In rectal cancer, the standard of care after the completion of radiotherapy is surgery at 6 to 8 weeks. However, there is variation regarding the timing of surgery.


This investigation aimed to audit the timing of surgery following radiotherapy and to compare perioperative morbidity and tumor downstaging in patients operated on, before and after the 6- to 8-week window.


A retrospective review of rectal cancers treated preoperatively in our cancer network over a 27-month period. The effect of “time till surgery” of 6 to 8 weeks, <6 weeks, and >8 weeks on T downstaging and nodal downstaging was calculated by univariate and multivariate logistic regression analyses.


This study was conducted in an oncology tertiary referral center in the Southwest London Cancer Network.

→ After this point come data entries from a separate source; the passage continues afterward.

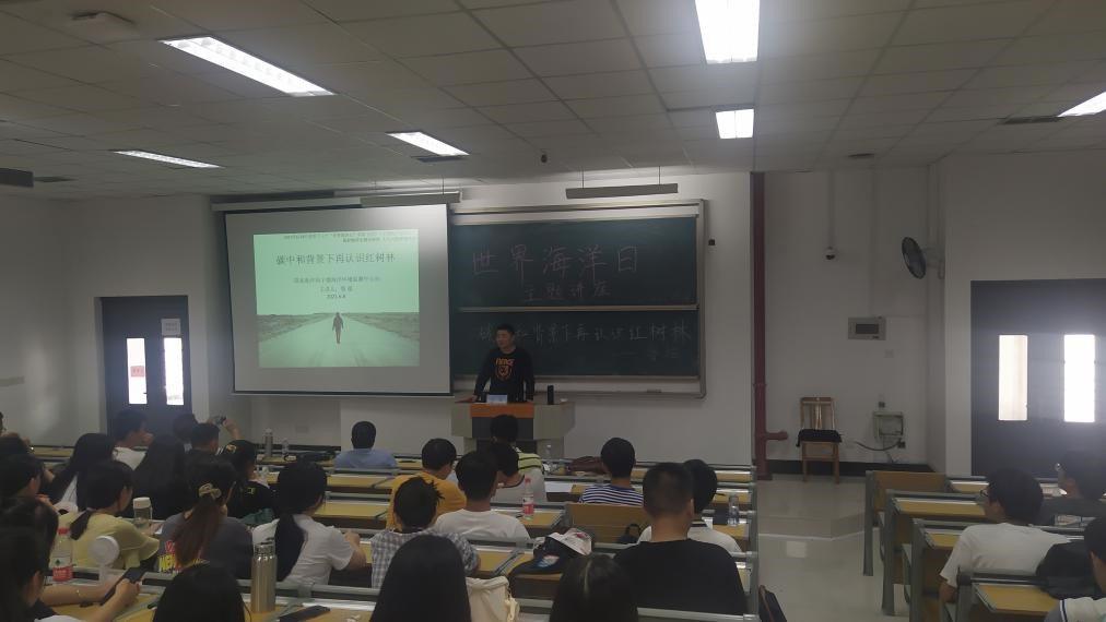 当天下午,公司邀请国家海洋局宁德海洋环境检测工程中心站工程师鲁超,在讲堂群302为生科院师生做题为“碳中和背景下再认识红树林”的学术报告,系统介绍了宁德红树林的发展现状,讲述了红树林保护所面临的难题。报告会末尾,同学们就红树林的人工干预及大面积栽种所面临的难题向老师提问,鲁超老师也当场解答了同学们的疑惑。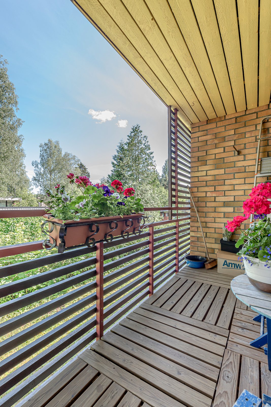 Päätyasunnon piha-alue on suojaisa ja tarjoaa mukavasti tilaa ulkoiluun ja oleskeluun. Lisäksi asunnossa on parveke, jossa voi nauttia kesäpäivistä. Säilytystilaa on runsaasti, muun muassa vaatehuoneen ja kaappien muodossa.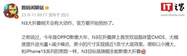 IT之家 9 月 11 日消息,OPPO 官方提前对旗下新机开启预热,宣布“明早九点,OPPO 将携手‘神秘伙伴’官宣重磅消息”。再结合今日早些时候 @数码闲聊站 的爆料 ——“N3 大折叠明天会有大动作”,二者基本可以对得上,也就是说 OPPO Find N3 折叠屏手机将在明早 9:00 正式亮相。

Patients receiving preoperative radiotherapy for primary locally advanced rectal cancer undergoing subsequent surgical resection were eligible.


The primary outcome measurement was time to surgery following the completion of (chemo) radiotherapy. Thirty-day perioperative morbidity and mortality and tumor and nodal downstaging were examined according to the timing of surgery.


This study was limited by its nonrandomized retrospective design and the lack of standardization of preoperative chemotherapy.


Thirty-two (34%) patients underwent surgery at 6 to 8 weeks, 45 (47%) at >8 weeks, and 18 (19%) at <6 weeks after radiotherapy. Delay was attributed to scheduling in 87% of cases and to comorbidities in the remainder. T downstaging occurred in 6 (33.3%) patients in the <6 weeks group, in 12 (37.5%) in the 6 to 8 weeks group, and in 28 (62.2%) in >8 weeks group with no significant differences in perioperative morbidity. On multivariate analysis, T downstaging was significantly greater for the >8 weeks group (OR, 3.79; 95% CI: 1.11–12.99; P = .03). More patients were staged ypT0-T2, 19 of 45 (42%) in the >8 weeks group vs other groups, 14 of 50 (28%, P < .05).


Following radiotherapy, surgery frequently occurs at >8 weeks and is associated with increased downstaging. The consequences on survival and perioperative morbidity warrant further investigation.